The RectorSeal Credit Agreement provided for a $30 million line of credit and was secured by accounts receivable, inventory, equipment, investments and other assets. The Whitmore Credit Agreement provided for a revolving commitment and term loan totaling $90 million and was secured by a warehouse, corporate office, manufacturing and research and development facility and other assets. No penalties were incurred by the Company as a result of the repayments.

Item 2.03 Creation of a Direct Financial Obligation or an Obligation under an Off-Balance Sheet Arrangement of a Registrant.
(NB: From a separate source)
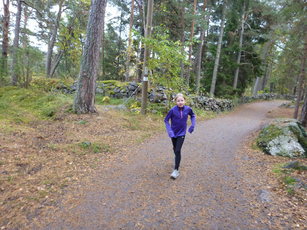 Sömnen hade nämligen återigen varit bristfällig. Först kunde jag omöjligt somna på tisdagkvällen för jag var hungrig. Till sist gick jag upp och åt några mackor. La mig igen och precis när jag skulle somna började det åska och blixtra. Barnen blev rädda och kom upp till vår säng och det var allmänt rörigt. Till sist låg jag och äldsta dottern kvar i vår säng. Hon somnade till sist men jag blev – återigen! – hungrig. Ignorerade det men magen kurrade och kurrade och vägrade sluta så till sist fick jag gå upp och äta lite till. Tillbaka till sängen – och så äntligen slockande jag. Det blev bara några få timmars sömn men fastän jag var trött där på morgonen så ville jag springa. Dagen efter skulle vi nämligen åka hem till Stockholm och jag ville inte missa mina sista fina turer.

The information provided in Item 1.01 of this report is incorporated by reference into this Item 2.03.

 

2


Item 7.01 Regulation FD Disclosure.

On December 14, 2015, the Company issued a press release announcing that it had entered into the Credit Agreement. A copy of that press release is furnished as Exhibit 99.1 to this Current Report on Form 8-K.
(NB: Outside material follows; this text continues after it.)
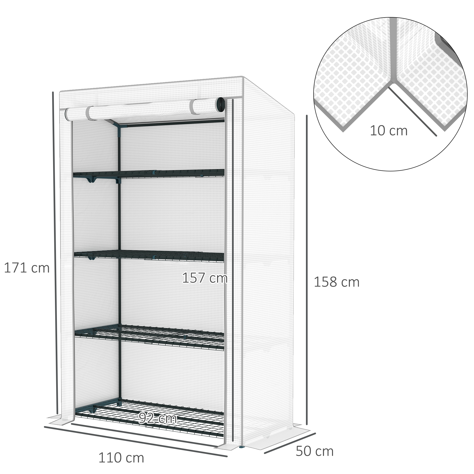 This Outsunny four-tier greenhouse offers lots of space for flower pots, seed trays and more; the inside is protected with the 140g/m² plastic cover - shields plants from outer weather, whilst allowing nourishing sunlight through. Complete with a roll-up zipped for easy access and fresh air, whenever you want.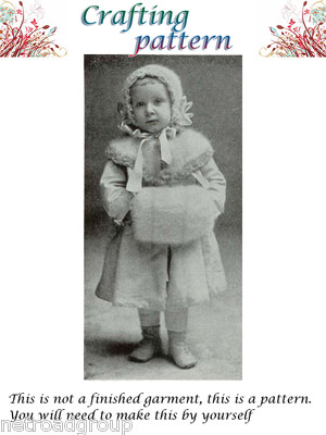 Title (ebay affiliate link): Antique Vintage Edwardian Child Doll Girl Knit Crochet Cape Bonnet Muff Pattern

The information furnished under Item 7.01 and in Exhibit 99.1 attached hereto shall not be deemed “filed” for any purpose, including for the purposes of Section 18 of the Securities and Exchange Act of 1934, as amended (the “Exchange Act”) or otherwise subject to the liabilities of that section, nor shall it be deemed incorporated by reference into any filing under the Securities Act or the Exchange Act, regardless of any general incorporation language in such filing.

 

Item 9.01 Financial Statements and Exhibits.

(d) Exhibits:

 

Exhibit

Number

  

Description

10.1    Credit Agreement, dated as of December 11, 2015, among CSW Industrials, Inc., CSW Industrials Holdings, Inc. and The Whitmore Manufacturing Company and the lenders identified therein.
99.1    Press release dated December 14, 2015.

 

3


SIGNATURE

Pursuant to the requirements of the Securities Exchange Act of 1934, the registrant has duly caused this report to be signed on its behalf by the undersigned hereunto duly authorized.

 

    CSW INDUSTRIALS, INC.
    By:  

/s/ Joseph B. Armes

    Name:   Joseph B. Armes
    Title:   Chairman and Chief Executive Officer
Date: December 17, 2015      


INDEX TO EXHIBITS

 

Exhibit

Number

  

Description

10.1    Credit Agreement, dated as of December 11, 2015, among CSW Industrials, Inc., CSW Industrials Holdings, Inc. and The Whitmore Manufacturing Company and the lenders identified therein.
99.1    Press release dated December 14, 2015.